Published online by Cambridge University Press: 05 June 2012
The coming of sound caused a crisis in film aesthetics. Some theoreticians, notably Arnheim, refused to endorse the shift at all. Sound, for them, was a return to canned theater, a regression to the pre-Griffith era before film had weaned itself from the stage.

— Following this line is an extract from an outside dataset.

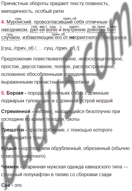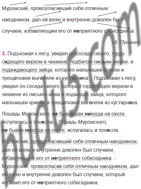 В одно ясное холодное утро (из тех, какими б..гата наша русская осень) Иван Петрович Бе́рестов выехал прогуля(тся, ться) верхом на всякий случай взяв с собой пары три борзы́х, стремянного и (не)скольких дв..ровых мальчишек с трещ..тками. В то же самое время Григорий Иванович Муромский соблазнясь хорошею погодою велел ос..длать куцую свою кобылку и рысью поехал около своих англизированных владений. Подъезжая к лесу увидел он соседа своего гордо с..дящего верхом в чекмене́ подбитом лис..им мехом, и поджидающего зайца, которого мальчишки криком и трещ..тками выг..няли из кустарн..ка. Если(б) Григорий Иванович мог предвидеть эту встречу то конечно(б) он поворотил в сторону; но он наехал на Берестова (во)все (не)ожида(н, нн)о и вдруг очутился от него на ра..тоянии п..столетного выстрела. Делать было (не)чего: Муромский как образова(н, нн)ый европеец под..ехал к своему противнику и учтиво его приветствовал. Берестов отвечал с таким(же) усерд..ем, с каковым цепной медведь кланяется господам по приказанию своего в..жатого. В сие время заяц выск..чил из лесу и побежал полем. Берестов и стремянный закр..чали во всё горло пустили собак и следом поск..кали во весь опор. Лошадь Муромского (не)бывавшая (ни)когда на охоте испугалась и пон..сла. Муромский провозгласивший себя отличным наездником дал ей волю и внутренне доволен был случаем избавляющим его от (не)приятного собеседника.

More adventurous thinkers, however, embraced the new device and attempted to incorporate it into the aesthetic system of silent film. Eisenstein, Pudovkin, and Alexandrov, in their famous 1928 statement on sound, and Roman Jakobson, in a rarely discussed 1933 article entitled “Is the Cinema in Decline?” proposed that sound be understood as a montage element: aural units should be juxtaposed against the visuals, just as shots should be juxtaposed against shots. Jakobson, ironically, answers someone like Arnheim in the same manner that Arnheim would have answered someone like Clive Bell. Jakobson tells the opponent of sound that his opposition is not based on a thoughtful look at the possibilities of the new medium. Jakobson argues that the sound element in a scene can be asynchronous and contrapuntal, thereby diverging from mere reproduction. This possibility enriches cinema, for added to all the conceivable visual juxtapositions of the silent film are inestimably large reservoirs of sound counterpoints.
The Eisenstein – Jakobson reaction to sound was conservative in one sense. It was an attempt to extrapolate the basic concepts of a silent film aesthetic to a new development, recommending montage as the basic paradigm for dealing with sound.